According to an old Chinese proverb, the first generation makes the wealth, and the third generation destroys it. China will be hoping this rule of thumb doesn’t apply to third generation mobile telephony, or 3G as it is better known.
After years developing its own homegrown 3G network – via a proprietary technology called TD-SCDMA – the Chinese government finally issued a TD-SCMDA license to China Mobile in early January, The timing couldn’t have been better. In light of the economic slowdown, the 3G network will offer a welcome boost: it will require over Rmb200 billion ($29 billion) in investment. Mainland telecom equipment makers such as ZTE and Huawei are expected to get the big orders.
For handset makers, the 3G market has created a new playing field. After years of lagging behind foreign handset manufacturers in the 2G market (i.e. GSM and CDMA), domestic handset makers like Hisense and Zhongxing have been honing their TD-technology and have already released a slew of TD-cellphones. So far, LG and Samsung are the only two foreign manufacturers producing TD-handsets. Nokia has announced that it will start producing TD-compatible phones but no prototypes have been unveiled yet.
However, it remains unclear whether TD will rival foreign 3G technologies (W-CDMA, which was developed in Japan and Europe, and which has been deployed in 55 countries and American-developed CDMA2000 which is in 58). Indeed, rather alarmingly, China Mobile has been testing TD in the last year and reports the technology is still not ready. Wang Jianzhou, the firm’s CEO, said in an interview with Beijing News that trial users have complained of technology glitches, and dropped calls. Worse yet, the telecom operator is having a hard time integrating its core GSM network with TD-SCDMA.
But getting the fledging technology to work is now China Mobile’s problem. Being the dominant player in the country’s telecom industry, China Mobile will be the only operator given the TD-license. With a subscriber base of 415 million and a market share of over 70%, China Mobile has the most muscle of any carrier in China – hence the decision to foist it with an undertaking of this scale. Meanwhile, the smaller operators China Unicom and China Telecom will be given licenses for W-CDMA and CDMA2000 respectively.

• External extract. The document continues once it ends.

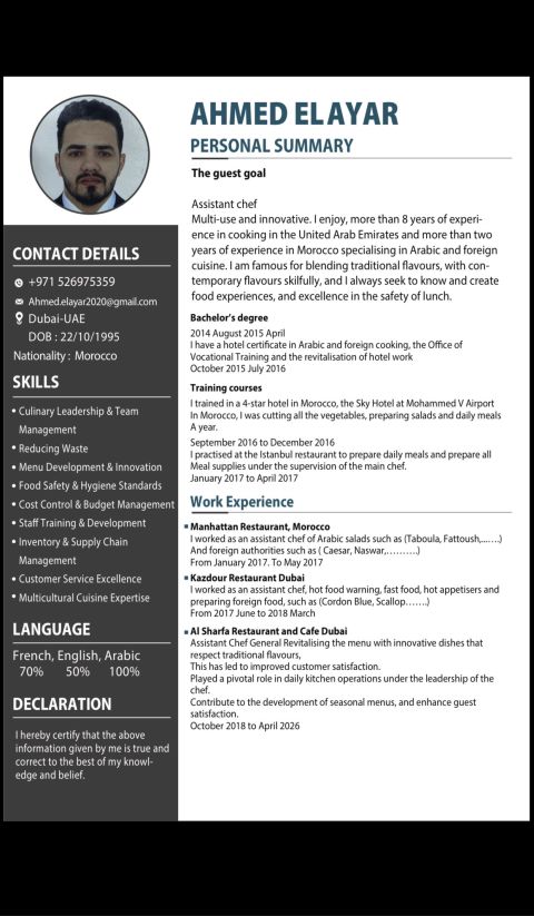 العمر 27 سنة المؤهلات خبرة 6 سنين داخل الدولة حاصل على رخصة قيادة اماراتية متوفر اقامة قابلة للإعارة خبرة سنتين بالكاشير وثلاثة سنة مبيعات وتعامل مع الزبائن وسنة كاملة توصيل طلبات بالاضافة لاتقان اللغة الانجليزية وخبرة بادارة المشاريع والتعامل مع الحاسوب

Some industry observers wonder if the move to TD-SCDMA will damage China Mobile’s existing market share. An internet poll at Sina.com suggested 38% of 246,000 respondents would subscribe to China Mobile’s TD-SCDMDA service, whereas 38% said they would opt for China Telecom’s CMDA2000 and 24% for China Unicom’s W-CDMA.
So it sounds like there is still some convincing to do. The telecom operator predicts that 100 million subscribers will make the switch in the next three years. Nonetheless, with 614 million mobile accounts in the country, 3G promises enormous opportunities for everyone in the industry. As a vote of confidence, Telstra, Australia’s largest telecommunication company, recently announced the acquisition of two Chinese cellphone content and online music businesses, banking on the millions of subscribers who will be clamouring for 3G data services.
Many are hopeful that the 3G endeavour will be another example of China’s growing techno-clout. China thinks its own standard could be a winner and there is perhaps some mercantilist logic in its approach. As the world’s biggest domestic market, why pay royalties overseas when you can build your own, and perhaps even eventually sell that overseas too?
But then, a bit like the proverbial third generation family member, it could just prove wasteful. Juniper Research, a specialist telecoms consultancy, forecasts TD will get just a 15% market share of the Chinese market versus 65% for W-CDMA, and 20% for CDMA2000.